5^ DOMENICA DI PASQUA  (Gv. 13, 31-33a. 34-35)

Giuda è uscito, tornerà traditore con quanti porteranno Cristo alla croce. Ora Cristo vede proprio in questa vicenda la sua glorificazione. Per l’uomo la croce è fallimento e ignominia; per il Signore e secondo il disegno di Dio essa è glorificazione.

C’è una parola che ricorre più volte nelle letture di questa domenica. Si parla di “un nuovo cielo e una nuova terra”, della “nuova Gerusalemme”, di Dio che fa “nuove tutte le cose” e infine, nel Vangelo, del “comandamento nuovo”: 
  • “…che vi amiate gli uni e gli altri, come io ho amato voi”.


“Nuovo”, “novità” appartengono a quel numero di parole che evocano sempre e solo sensi positivi. Vita nuova, vestito nuovo, anno nuovo … “Nuova” e “novella”, come aggettivi, significano una cosa nuova e, come sostantivi, una notizia. Il Vangelo si chiama “buona novella” proprio perché contiene la novità per eccellenza

Perché ci piace tanto il nuovo? Non solo perché ciò che non è usato, in genere, funziona meglio (es. un automobile). Non è solo per questo.

Il motivo profondo è che la novità, ciò che non è ancora conosciuto e sperimentato, lascia più spazio all’attesa, alla speranza, al sogno. E la felicità è proprio questa. Se fossimo sicuri che l’anno nuovo ci riserverà esattamente le stesse cose del vecchio, già non ci piacerebbe più. Nuovo non si oppone ad “antico”, ma a “vecchio”. Anche “antico” e “antichità”, “antiquario” sono parole positive. Qual è la differenza? Vecchio è ciò che con il passare del tempo peggiora e perde valore. Per questo oggi si cerca di evitare di usare l’espressione “Vecchio Testamento” e si preferisce parlare invece di “Antico Testamento”.

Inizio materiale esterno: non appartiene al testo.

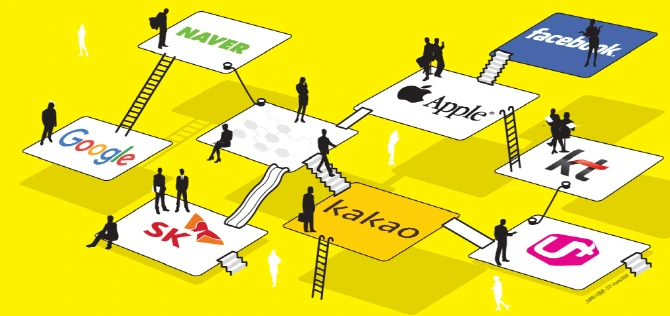 미래학자들이 예견했던 모바일 인터넷 기반 초연결 사회가 현실이 됐다. 기존 제조업 중심 산업에서는 물류와 자본이 몰리는 교통 요지가 중요했다면 초연결 사회에서는 정보와 대중이 모이는 ‘플랫폼’에서 가치가 나온다. 플랫폼이란 사람들이 열차를 타고 내리는 승강장처럼 온라인에서 상품과 콘텐츠를 사고팔거나 마케팅을 하는 일종의 장터를 뜻한다. 스마트폰의 대중화, 더욱 빨라진 통신 속도는 소프트웨어 기반 플랫폼 기업의 경쟁력을 높이고 있다. 같은 IT기업이라도 하드웨어 중심 기업은 이 같은 변화를 뒤따르기 바쁘다. 산업 패러다임 자체가 모바일을 위시한 플랫폼 위주로 바뀌고 있기 때문이다. 이른바 신업의 ‘파워시프트(힘의 이동)’가 진행된 것이다. - 2016. 2 기사 본문 중-

Adesso però torniamo al Vangelo. Come mai si definisce “nuovo” un comandamento che era noto già dall’Antico Testamento (cfr.Levitico 19, 18)? Qui ci torna utile la definizione tra vecchio e antico. “Nuovo” non si oppone, in questo caso, a “antico”, ma a “vecchio”. Lo stesso evangelista Giovanni in un altro passo scrive:

“Carissimi, non vi scrivo un comandamento nuovo, ma un comandamento antico…E tuttavia è un comandamento nuovo quello di cui vi scrivo” (1 Gv.2, 7-8).
Insomma il comandamento è nuovo o antico? L’una e l’altra cosa. Antico secondo la lettura, perché era stato dato da tempo;  nuovo secondo lo Spirito, perché solo con Cristo è data anche la forza di metterlo in pratica. Nuovo si oppone qui a vecchio. Quello di amare il prossimo “come se stessi” era diventato un comandamento “vecchio”, cioè debole e consunto, a forza di essere trasgredito, perché la legge imponeva sì l’obbligo di amare, ma non dava la forza per farlo

Occorreva, per questo, la grazia. E infatti non è durante la vita di Gesù che il comandamento dell’amore diventa nuovo, ma quando morendo sulla croce e dandoci lo Spirito Santo, ci rende, di fatto, capaci di amarci gli uni gli altri, infondendo in noi l’amore che egli stesso ha per ognuno. Il comandamento di Gesù è un comandamento nuovo perché rinnova, fa nuovi, trasforma tutto.

E a proposito sant’Agostino scrive:

“E questo amore che ci rinnova, rendendoci uomini nuovi, eredi del Testamento nuovo, cantori del cantico nuovo”. Se l’amore parlasse, potrebbe fare sue le parole che Dio pronuncia nella seconda lettura di oggi: “Ecco, io faccio nuove tutte le cose”.